Front Neurol ; 10: 637, 2019.
Article in English | MEDLINE | ID: mdl-31293495

ABSTRACT

This study describes sound localization and speech-recognition-in-noise abilities of a cochlear-implant user with electro-acoustic stimulation (EAS) in one ear, and a hearing aid in the contralateral ear. This listener had low-frequency, up to 250 Hz, residual hearing within the normal range in both ears. The objective was to determine how hearing devices affect spatial hearing for an individual with substantial unaided low-frequency residual hearing. Sound-localization performance was assessed for three sounds with different bandpass characteristics: low center frequency (100-400 Hz), mid center frequency (500-1,500 Hz) and high frequency broad-band (500-20,000 Hz) noise. Speech recognition was assessed with the Dutch Matrix sentence test presented in noise. Tests were performed while the listener used several on-off combinations of the devices. The listener localized low-center frequency sounds well in all hearing conditions, but mid-center frequency and high frequency broadband sounds were localized well almost exclusively in the completely unaided condition (mid-center frequency sounds were also localized well with the EAS device alone).

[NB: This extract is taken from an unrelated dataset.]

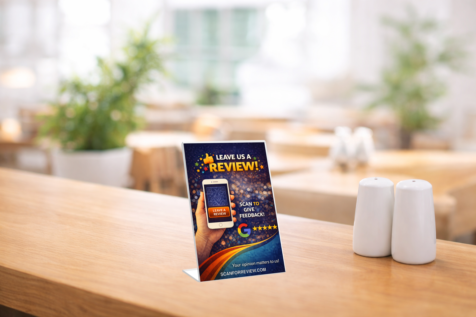 Make it easy for customers to leave a Google review using this premium acrylic QR code stand.
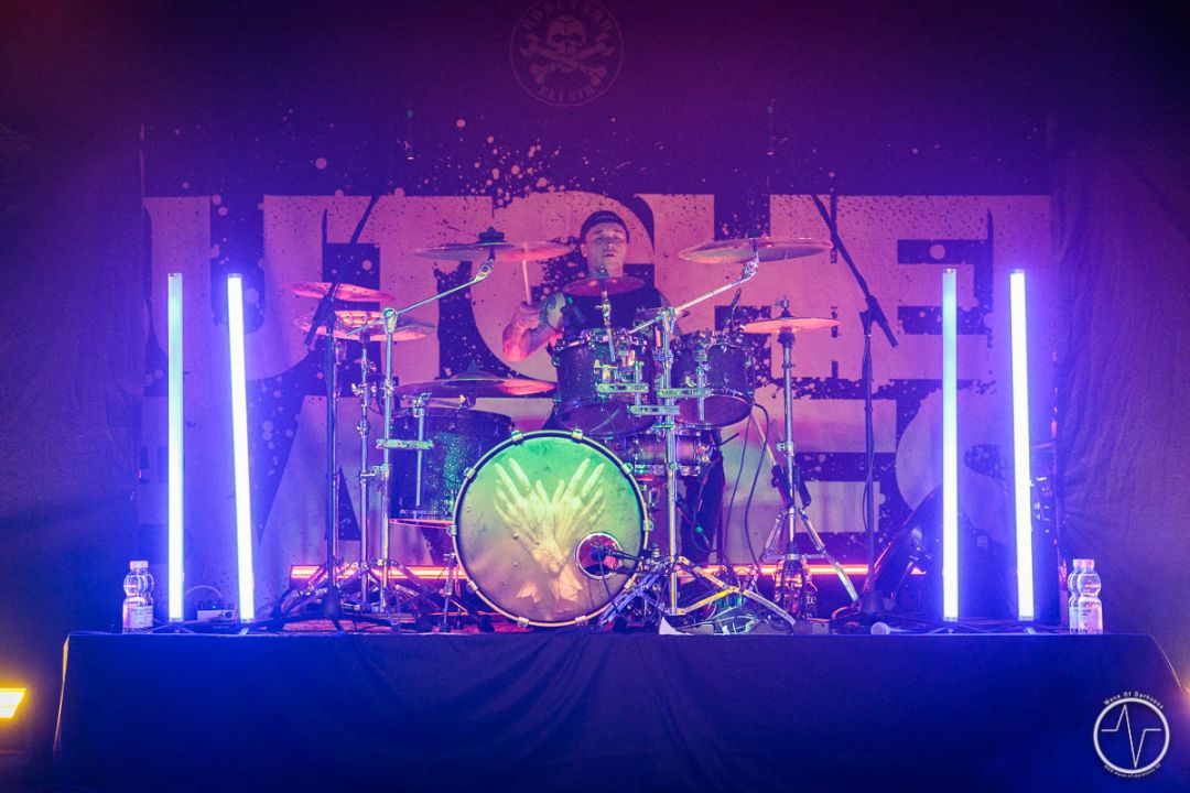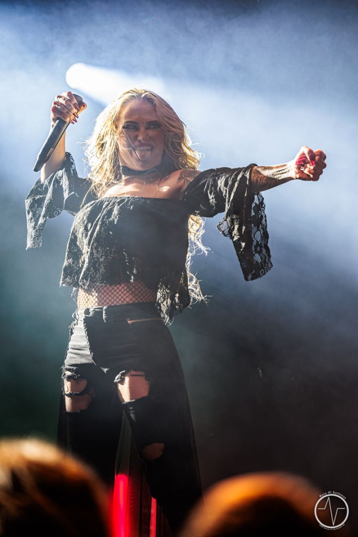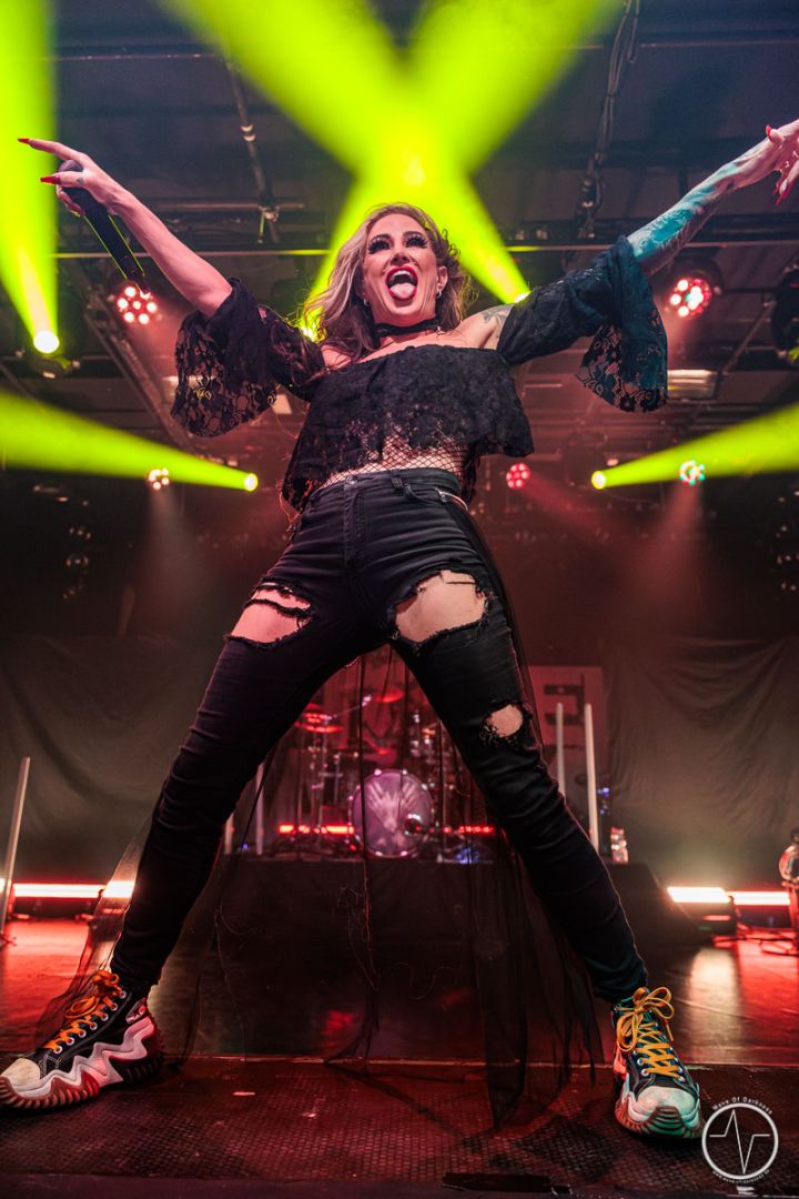 Die Butcher Babies eröffnen mit „Backstreets of Tennessee“ und „Red Thunder“ ohne Anlauf und entfesseln sofort den Pit. „Sincerity“ und „Beaver Cage“ knüpfen nahtlos an diese Energie an. Heidi Shepherd dominiert die Bühne als alleinige Frontfrau und hält die Energie konstant am Anschlag. Unermüdlich sprintet und springt die Sängerin von links nach rechts, immer im direkten Kontakt mit den Fans. Die Alte Feuerwache lässt sich von stampfenden Beats wie bei „It’s Killin’ Time, Baby!“ und „Sleeping With the Enemy“ bereitwillig mitziehen. Während Henry Flury an der Gitarre und Ricky Bonazza am Bass zu den knallharten Songs über die Bühne wirbeln, treibt Devin Nickles die Band hinter den Drums mächtig an. Die Setlist des Abends speist sich primär aus der jüngeren Schaffensphase des Doppelalbums „Eye for an Eye…“ / „…’Til the World’s Blind“ sowie brandneuen Nummern wie „Black Dove“ und „Lost In Your Touch“. Die Metalcore-Formation aus Los Angeles liefert hier absolut professionell ab.

Speech recognition was best in the fully aided condition with speech presented in the front and noise presented at either side. Furthermore, there was no significant improvement in speech recognition with all devices on, compared to when the listener used her cochlear implant only. Hearing aids and cochlear implant impair high frequency spatial hearing due to improper weighing of interaural time and level difference cues. The results reinforce the notion that hearing symmetry is important for sound localization. The symmetry is perturbed by the hearing devices for higher frequencies. Speech recognition depends mainly on hearing through the cochlear implant and is not significantly improved with the added information from hearing aids. A contralateral hearing aid provides benefit when the noise is spatially separated from the speech. However, this benefit is explained by the head shadow in that ear, rather than by an ability to spatially segregate noise from speech, as sound localization was perturbed with all devices in use.